I think it is wise to keep them separate as understanding proceeds in quite different manners. For some [including me] one system may complement the other [with the peril to be unsuccessful in both], but that does not justify unnecessary simplification and forced syncretism.
I think even a cursory reading of my posts on this matter here and elsewhere would not lend justification or even the idea of "simplifying" or mandating syncretism.
The very point of syncretism here is that these traditions are mutually revealing thru illustrative, complementary
differences, while sharing an ultimately identical view or, perhaps better, viewless position.
Nonetheless, a syncretism between tantric traditions, whether internally - as in Buddhism's Rime - or between slightly more disparate traditions - is actually reflective of their root sameness.
You brought up the concept of 'samaya' which, though burdened with different meanings and other sandalwoods in the Hindu and Buddhist traditions, is a core concept in the tantras.

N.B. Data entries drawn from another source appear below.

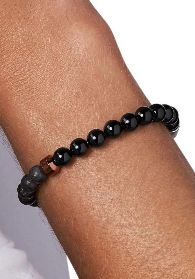 Ein faszinierender Anblick – dieses Herrenarmband ist genau das Richtige für modeinteressierte Männer! Bestückt mit Achat- und Karbonperlen ist der Armschmuck mit praktischem Karabinerverschluss ein faszinierendes Detail in lässigen Outfitkombinationen. Ein echtes Must-have, für Männer die Schmuck lieben!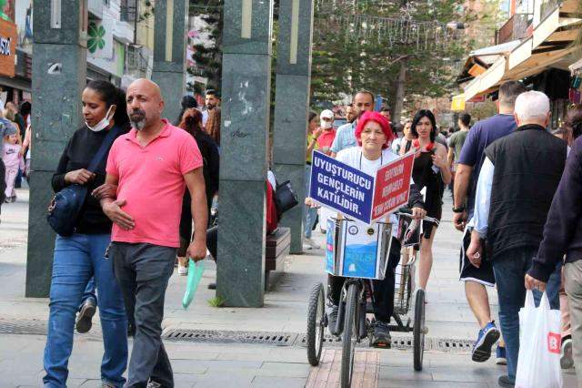Pedal çevirmeye öğle saatlerinde başlayan Kılıç, 'Akşam saatlerine kadar kalabalık tüm caddelere gidiyorum. Bağımlılık ile ilgili müzikler de koydum. Çoğu insan '67 yaşındasın, otur' evinde diyor. Oturma zamanı değil. İnsanların bakışı çok iyi. Kimseden tepki görmedim. Oğlumun tedavisi sürecinde bütün birikimimi kaybettim. Diğer çocuklarım da yardımcı oluyor. Kimse benim çocuğum içmez demesin. Bağımlı olmayın diyoruz. Uyuşturucu gençlerin katilidir. Ben çok mücadele ediyorum. Çocuğum şuanda 30 dakika eve akşam geç gelse aklıma bir sürü şey geliyor' açıklamasını yaptı. /HABERLER.COM
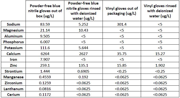 Como en cualquier laboratorio, y especialmente en un laboratorio limpio, los guantes son imprescindibles. Descubrimos que el uso de guantes de vinilo en lugar de guantes de nitrilo sin polvo proporciona un manejo más limpio. Otra práctica que encontramos para ayudar en la limpieza es lavar los guantes con agua desionizada una vez que los guantes se colocan sobre sus manos y antes de usarlos. Una prueba de inmersión en los dedos ayudó a confirmar nuestra observación, como se muestra en el Cuadro 3. Los guantes de nitrilo azul empolvado, recién salidos de la caja, mostraron contaminación de 13 elementos diferentes, mientras que los guantes de vinilo, nada más sacarlos del empaque, mostraron contaminación de solo tres elementos diferentes . En ambos casos, el enjuague de los guantes con agua desionizada disminuyó considerablemente la contaminación.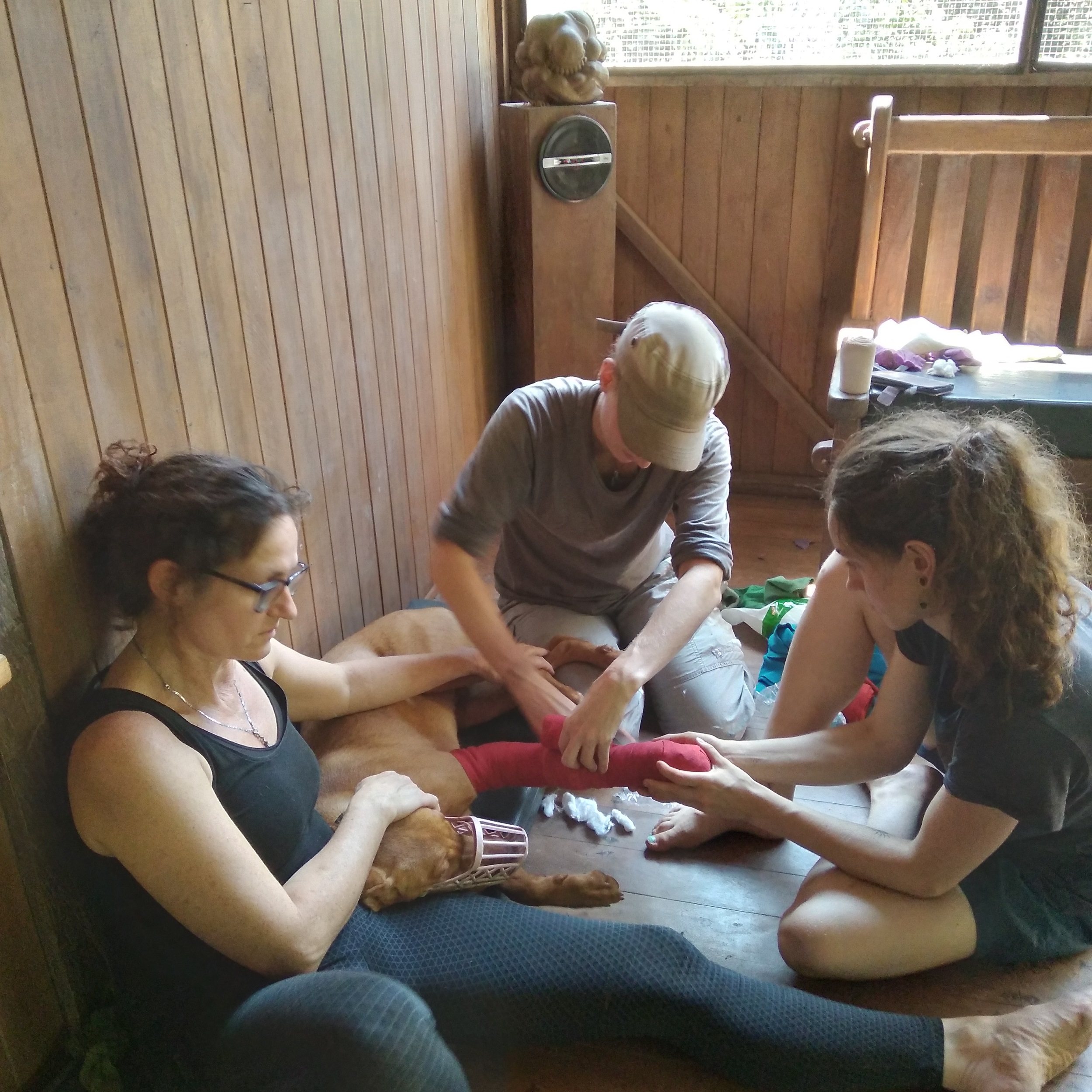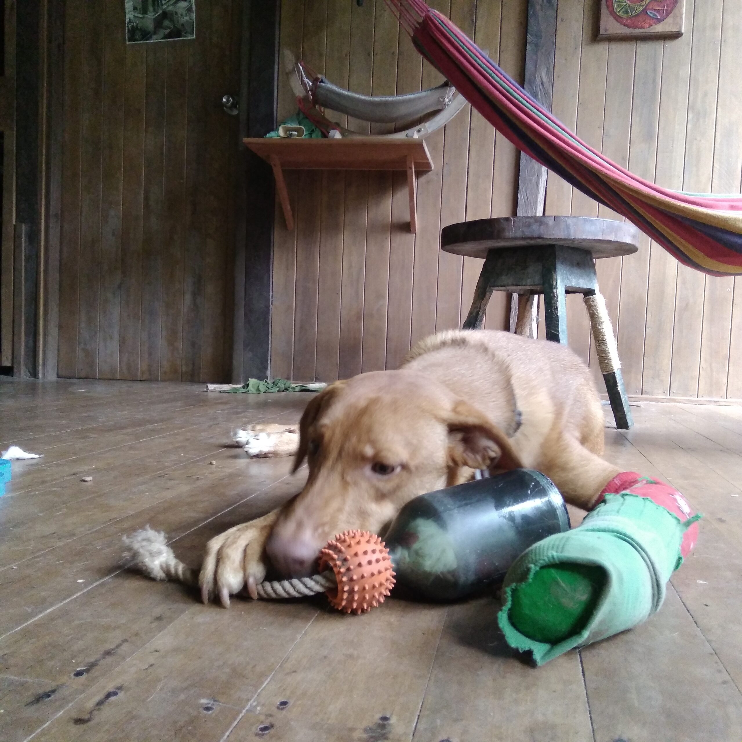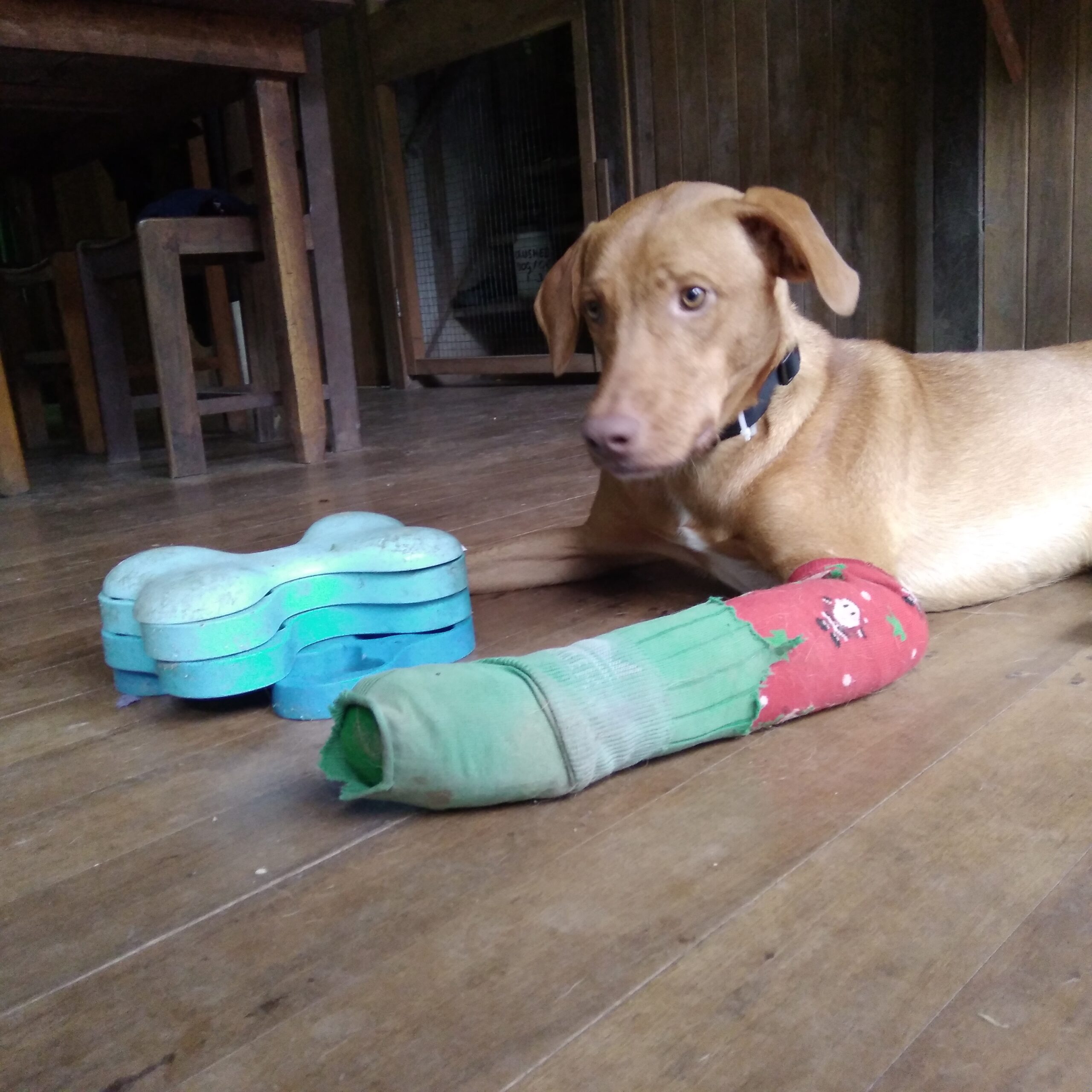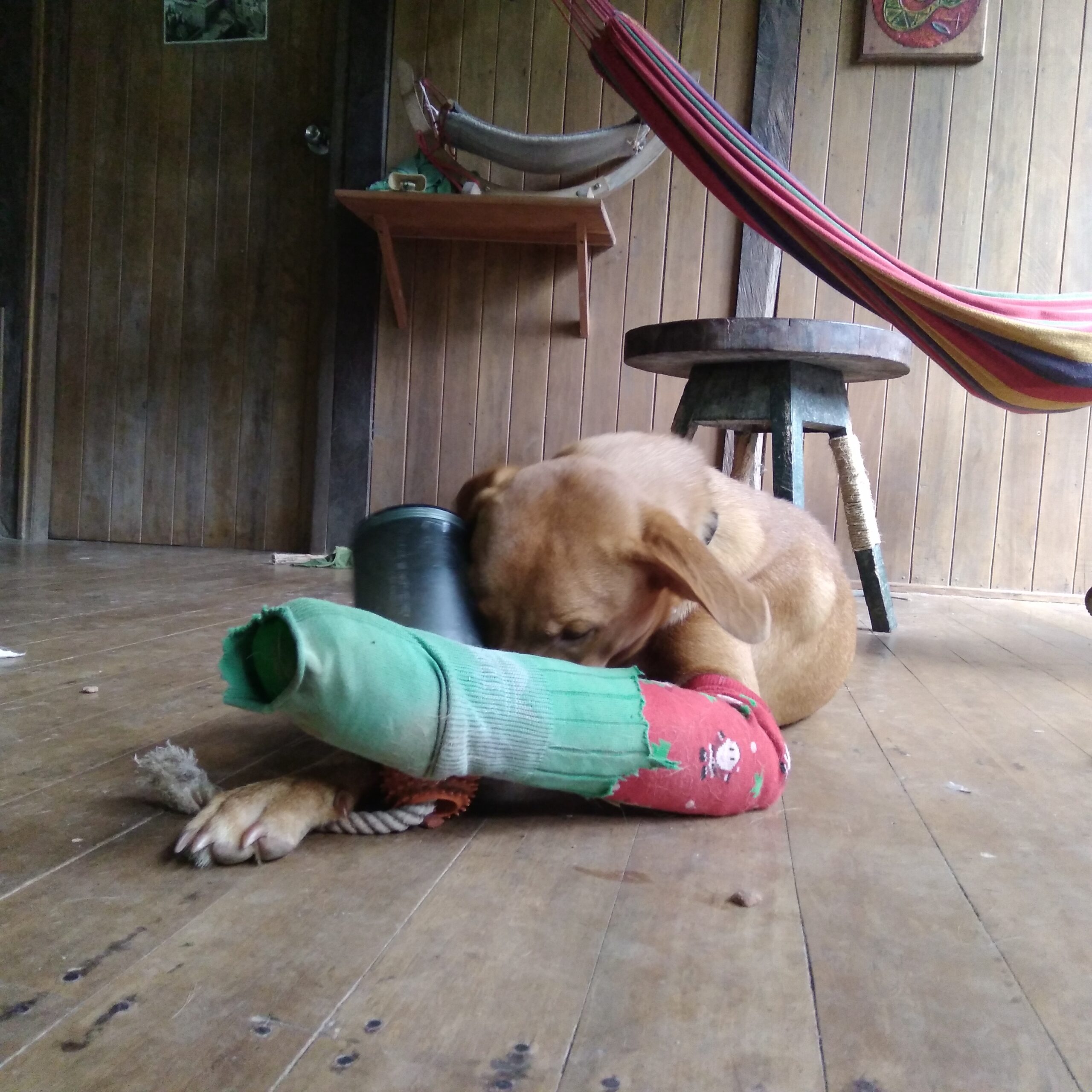 We were all gathered in the kitchen for our weekly meeting when we heard a heart-wrenching squeal. Rex (also known as Kayla’s dog) was left in our care as Kayla’s out exploring the world. Young as he is, he thought he could jump onto the Volunteer House roof, just like the monkeys. Turns out, he can’t. Oh, to be young and curious. He didn’t really ‘fly’ like a monkey and hit the ground with such force that he broke his front leg. He’s now under strict lockdown in the Family House. But his spirits haven’t taken a hit and his cast isn’t keeping him from trying to jump and playing around. You can imagine how thrilled Olivia is at the idea of staying home to babysit a very bored and excitable young dog… So, if you’re wondering why she’s hardly online, you have a wild little limping Rex to answer for that.

I suggest we take a mutual initiative to explore the samenesses and differences between Hindu & Budhist tantra.
I have an unfinished article for this DIR that I promised SageTree almost 3 months ago that is still collecting dusk on my harddrive, perhaps this will serve as part of the needed impetus to complete it.
In the brief scope of this post, the one thing I consider most valuable in terms of my own practice is the (more or less) reversal of esoteric gender roles. In the mainstream Hindu tantra, the basic idea is that the Male principle is consciousness, and the Female principle is Power or Display, sublated by an underlying unity [shiva shakti samarasa]. This is probably infuenced by early upanishad-era ideas about Brahman and Maya, and corresponding Samkhya/Yoga ideas Purusha & Prakriti coming into currency - and therefore exchange.
By contrast, having placed their anchor well past the range of hedged dualities one finds in the range of Hindu tantric traditions by means of the madhyamaka, the Vajrayanists assign the radiant void, the black womb of the tathagatas as Wisdom/Awareness, and the male principle instead as Upaya & its motivation, mahakaruna <and its nondual cognate, bodhichitta>.
Entertaining either view variously, or both at the same time, I have found far more fruitful, and in accordance with the principles of samaya and samarasa, like the nectar gained from churning the poison of identification, and have come to the conclusion that it's the doctrine-by-implication of both systems.
So, in discussing Hindu & Buddhist tantra, and the meaning of tantra itself, the underlying gnostic praxis that is independent of either culture or religious dressings, I I feel we should set the stage by discussing the following, perhaps in this order:
1. Kapalikas, Pasupatas & the origin of the twinned Siddha & Yogini lineages
2. The Siddha & Yogini streams metamorphosizing variously into Kaula, Natha & Sahaja approaches (all closely related) as well as the Vajrayana (with analogues to the other 3, especially Sahaja).
3. Individual luminaries shared by both, including both historical figures
and deities, along with their iconographies, ars memoria & symbolic syntax. Historical figures would number among the 84 Mahasiddhas, I'd like to pick out Saraha for discussion in particular.
4. Later sectarian developments and clashes, attempts of one system to subvert or convert others, and how this is reflected thru deity yoga systems & the mythologies of subjugation.